# DIY stick steer



## Rwhellmer (Jul 11, 2017)

Anyone have any advice on how to make a diy stick steer setup? I'd like to make my 2.5 on my gheenoe stick steer


----------



## lemaymiami (Feb 9, 2007)

Before you head down that road... most boat makers long ago got away from stick steering for a variety of reasons... Can't think of one current maker using that system. The last skiff I stepped aboard with stick steering was back in 1976... There might be a few still rigging that way in freshwater but that's about it....


----------



## LowHydrogen (Dec 31, 2015)

I think the hardest part would be the throttle on a motor that size, but you can probably make something like older lawnmowers used to have.
Contact Holley Outdoors in Blountstown (Tohatsu dealer) or there is Blountstown Small engine (Mercury dealer). Either can probably sell you all the stuff you need, they both service/rig a lot of small stick steer boats. 
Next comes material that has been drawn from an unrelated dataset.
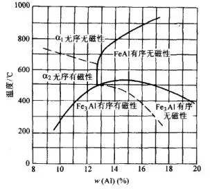 w(Al)<34.4%的鐵鋁合金在高溫下的組織皆為含鋁鐵素體。在這個成分范圍內,隨鋁含量和溫度的變化,合金中發生FeAl和Fe3Al的有序轉變和磁性轉變(見圖27)。改變成分和進行熱處理,可以顯著改變鐵鋁合金的磁性能。圖28顯示主要磁性能的變化。

There are several manufacturers up that way that rig/build stick steer. If you wanted to talk to some of them about how they do it contact Scandy-White, Bracewell, or Potter-built, most of them are around the Blountstown/Bristol area in Calhoun Co.


----------



## Rwhellmer (Jul 11, 2017)

A lot gheenoes still have stick steer. Mainly bigger more elaborate ones. The throttle now is just like that of a lawn mower. I'm just looking for the convenience of steering. I'll attach a pic of my seating situation and maybe that will help people visualize. I sit on top of the cooler


----------



## LowHydrogen (Dec 31, 2015)

Cool boat, I like Gheenoes.
If you already have a throttle control worked out, and you're not any further from the motor than that, I'd just build some kind of tiller extension.


----------



## Guest (May 14, 2018)

You can buy a stick steer and cable set up. They also make a transom mount to run the standard teleflex cable into. You’d have to figure out how to attach to the motor, but this would be the safest route in my opinion as opposed to re inventing the wheel.


----------